• _WHAT TO PRODUCE_:
Would you return exactly the lines below from the line with "入学式の会場準備。新1年生が" through the line with "Poésie Délice Sauce", both included, and nothing else, leaving out the pictures?

START DATA FOR PROCESSING

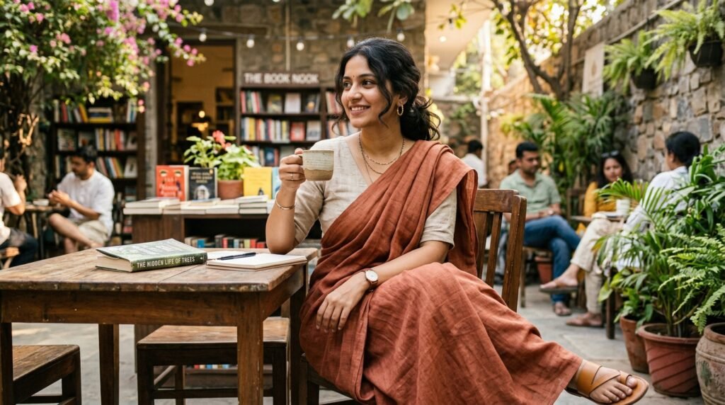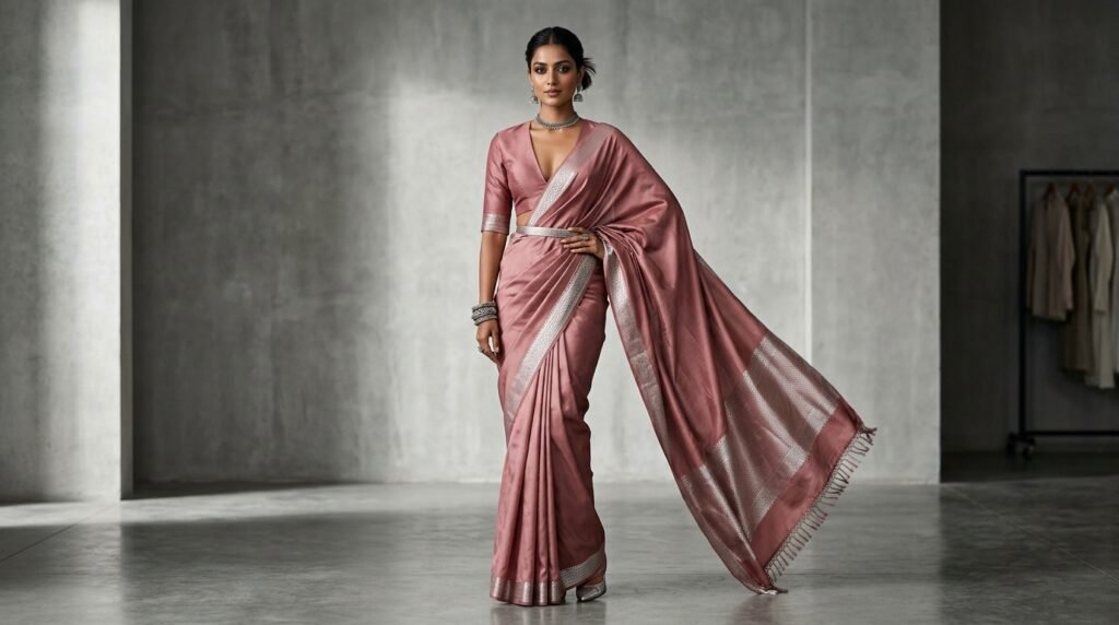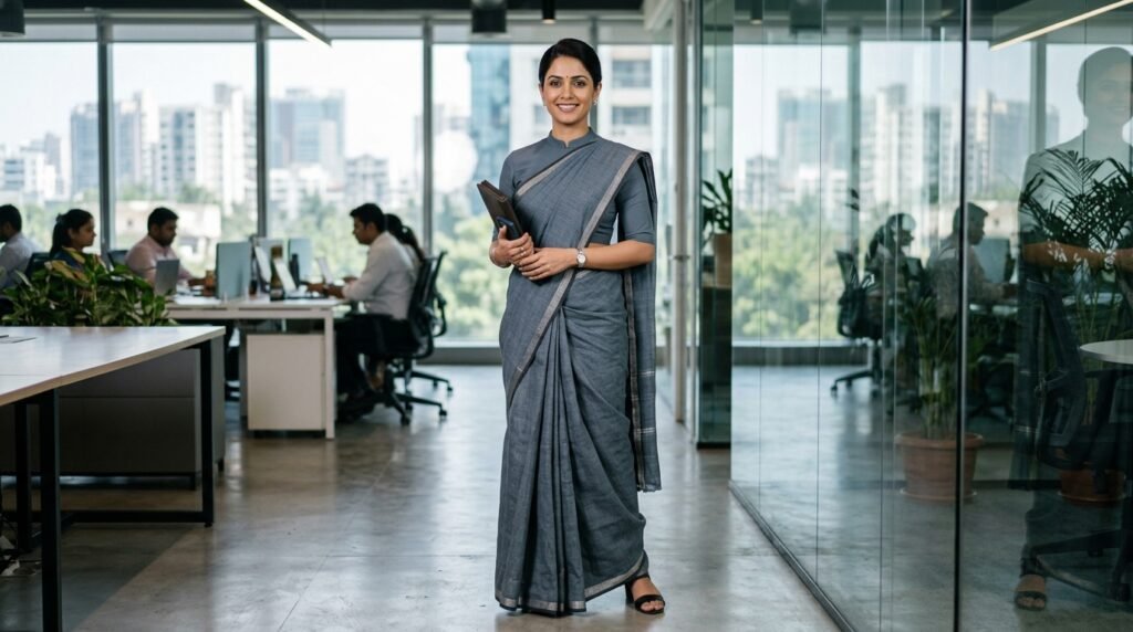 The office saree has undergone a complete transformation. Where it once meant a heavy silk and full jewellery — overdressed by any professional standard — today’s office saree is sleek, precise, and quietly powerful. Structured linen-blend or cotton sarees in slate grey, navy, olive, and camel with minimal borders read as sophisticated professional wear without any cultural compromise.
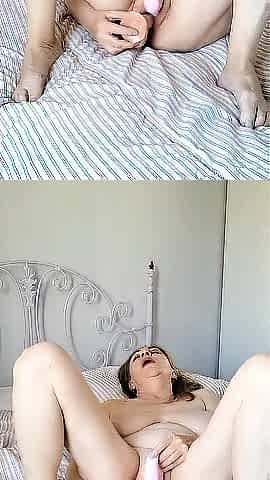 Blonde Housewife with big boobs masturbates with huge dildo
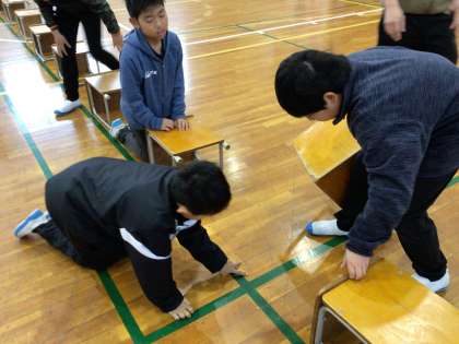 入学式の会場準備。新1年生が座る椅子をそれこそ1mmのずれも許さないくらい、丁寧に一つずつ並べていました。今、自分にできることを、仲間と協力して精一杯やろうとする新6年生の姿に感動しました。
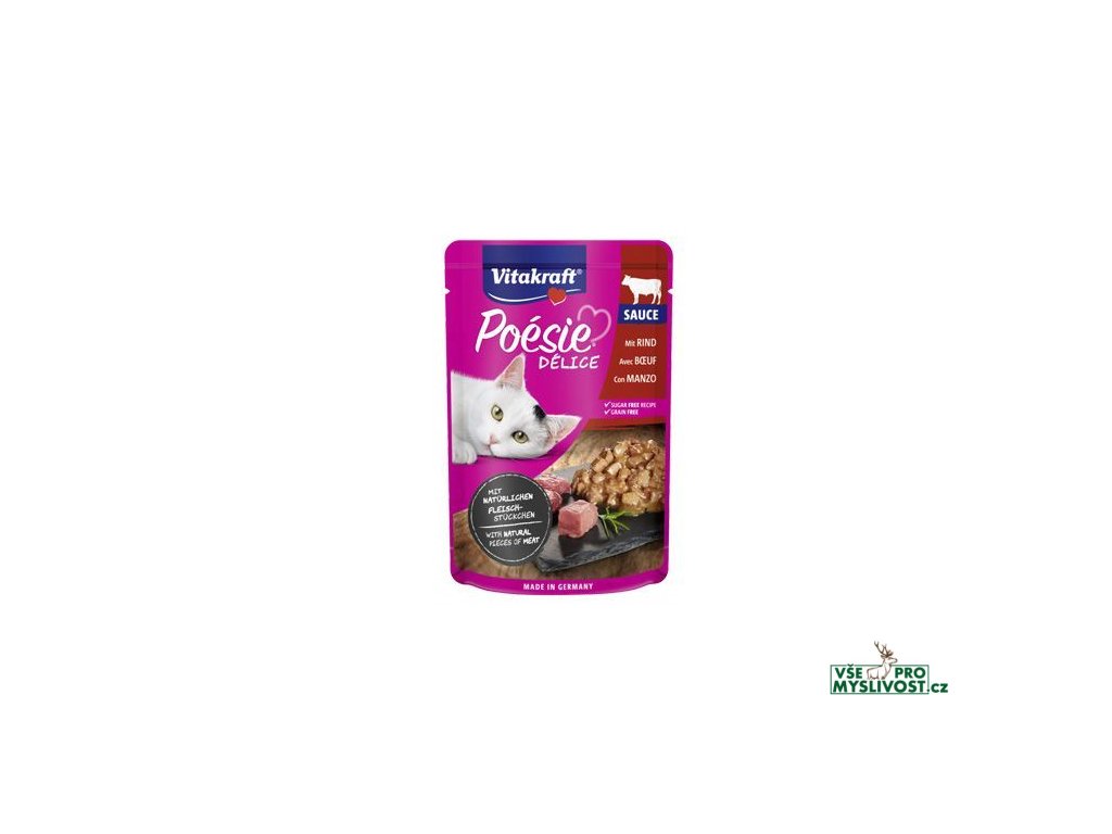 Poésie Délice Sauce s hovězím masem od značky Vitakraft – kompletní mokré krmivo pro dospělé jedince. Kapsička potěší vašeho mazlíčka, ať už je jakéhokoliv plemena či velikosti. Uvnitř nenajdete žádný cukr, ani obiloviny. Zato obsahuje poctivou porci kousků šťavnatého masa a minerálních látek. Díky lahodné omáčce zachutná každé kočce.
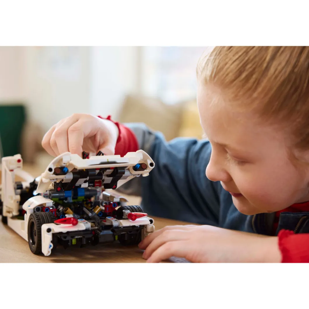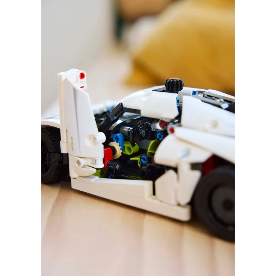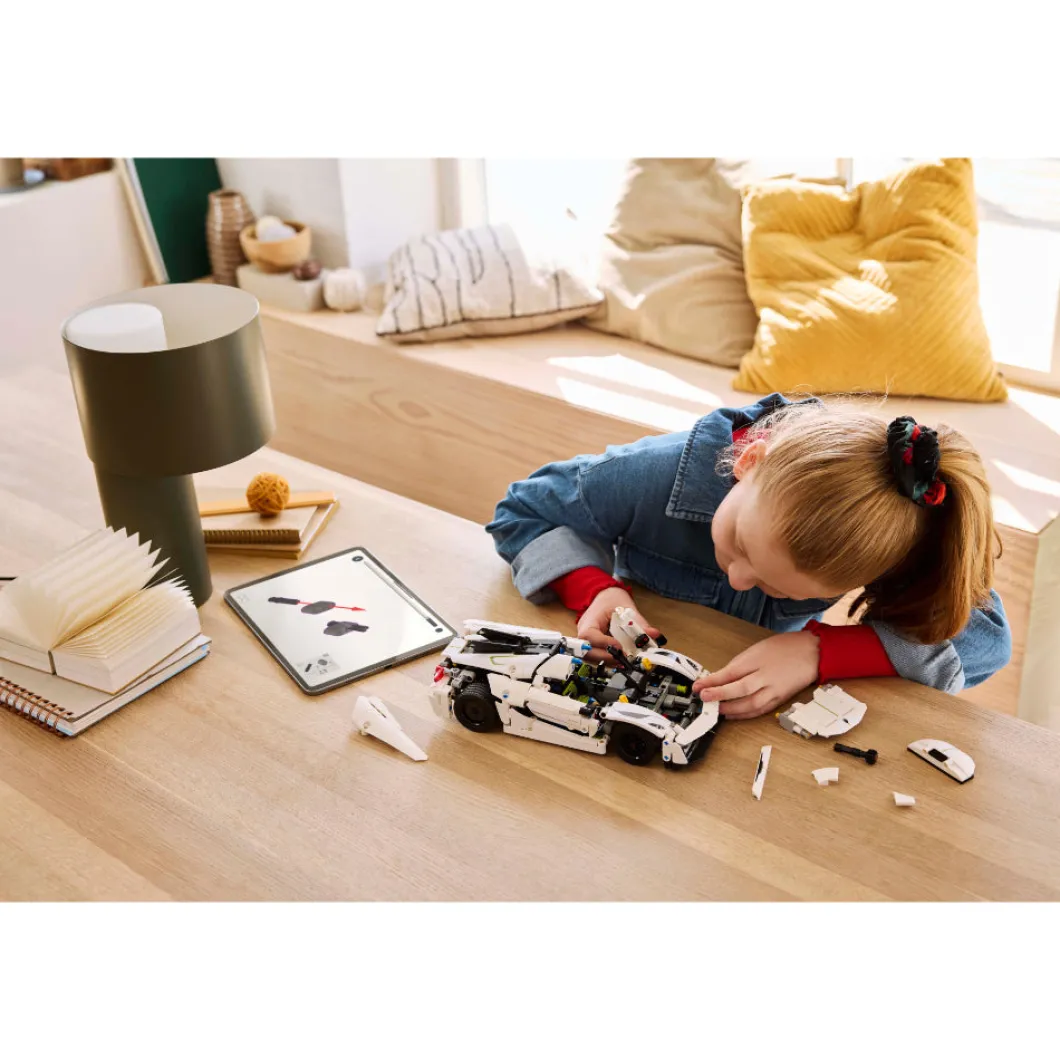 Regala a tu peque de 10 años o más la posibilidad de construir el emocionante juguete LEGO® Technic Hipercoche Koenigsegg Jesko Absolut Blanco (42184). A los niños les espera el gratificante desafío de darle forma a sus detalles realistas. ¡Y construir es solo el principio! Esta maqueta, una interpretación de uno de los hipercoches con licencia para circular más rápidos del mundo, cuenta con infinidad de características que a los entusiastas del coche les encantará descubrir. Los jóvenes constructores podrán explorar conceptos de ingeniería construyendo el motor V8 y el diferencial para luego probar la dirección con la rueda desmontable situada en la parte frontal. Este hipercoche de juguete reproduce el sistema de hélice sincrónica diedro del coche de verdad, que abre las puertas hacia afuera y hacia arriba en un ángulo de 90°. Este coche de juguete interactivo es una fantástica idea de regalo para los más pequeños y viene con la intuitiva aplicación LEGO Builder, su guía en la aventura de construcción.

END DATA FOR PROCESSING

• _THE COMPLETED TASK_:
 入学式の会場準備。新1年生が座る椅子をそれこそ1mmのずれも許さないくらい、丁寧に一つずつ並べていました。今、自分にできることを、仲間と協力して精一杯やろうとする新6年生の姿に感動しました。
 Poésie Délice Sauce s hovězím masem od značky Vitakraft – kompletní mokré krmivo pro dospělé jedince. Kapsička potěší vašeho mazlíčka, ať už je jakéhokoliv plemena či velikosti. Uvnitř nenajdete žádný cukr, ani obiloviny. Zato obsahuje poctivou porci kousků šťavnatého masa a minerálních látek. Díky lahodné omáčce zachutná každé kočce.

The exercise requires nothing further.